Based on the growing trend in mobile and Web-based healthcare services, Ford initiated research into health and wellness apps that could leverage SYNC’s connectivity capability. In spring of last year, Ford kicked off a series of research projects for in-car health and wellness-connected services such as medical device connectivity, cloud-based health management services and mobile app integration. In just over a year, Ford is now delivering on the initial research with Allergy Alert as one of the first steps toward helping drivers to take care of themselves and their passengers.
“We are attempting to create the car that cares,” says Gary Strumolo, global manager of Ford Research and Innovation. “We want to change the paradigm that in-car connectivity systems such as SYNC can only be used for information and entertainment purposes. Health and wellness are key issues for our customers outside of the car; therefore, we want to leverage our connectivity platform to improve their time behind the wheel. The trend in mobile health is all about knowing potential health concerns before they happen so that they don’t surprise a person, even while driving.”
SYNC AppLink integration enables drivers to use simple voice commands to access the health and wellness features of the Allergy Alert app while keeping their hands on the wheel and eyes on the road.

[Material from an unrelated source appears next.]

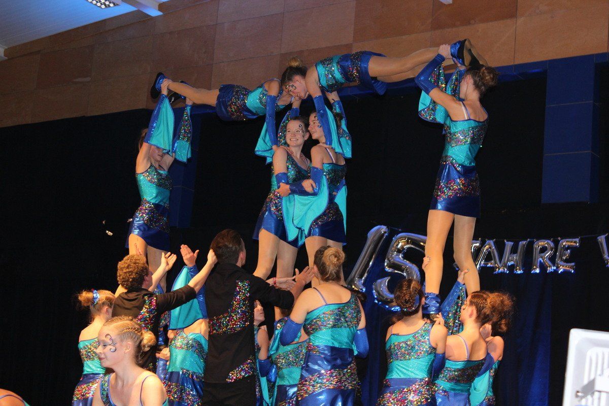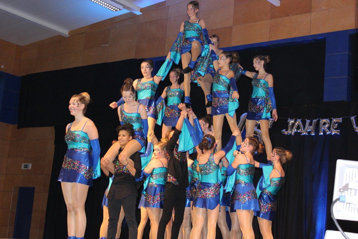 Sehr dynamisch und beweglich zeigten sich schon die Kleinsten, die von Eltern und Freunden kräftig angefeuert wurden. Ebenso sportlich und rasant ging es weiter mit den „Viva Teens“. In bunten Glitzerkleidchen wagten auch sie sich an Hebefiguren heran, die Teil ihrer minutiös einstudierten Choreographie waren.

The voice commands and features include:
· “Current location” updates the driver’s location using the car’s built-in GPS receiver to report the most accurate and up-to-date information
· “Allergy” provides a verbal pollen index to users that rates the severity of pollen levels in the surrounding environment on a scale from 0 to 12
· “Pollen” specifies that pollens are predominantly in the air
· “Asthma” uses a 0 to 12 scale to address potential and upcoming concerns for asthmatics
· “Flu” addresses the current and upcoming flu index and report
· “UV” tells drivers of the current and upcoming risks of UV rays
· “ZIP 1,” “ZIP 2” and “ZIP 3” stores up to three ZIP codes in the settings menu of users’ device. The first ZIP code is the default location when not using the GPS position. The second and third ZIP enable users to store ZIP codes outside of their current area, such as a mother storing the ZIP code of her child’s school
The SYNC AppLink-enabled version of Allergy Alert is available for iOS devices and is a free app that can be downloaded from the App Store.
SYNC AppLink is currently available on 10 2012 Ford vehicle models.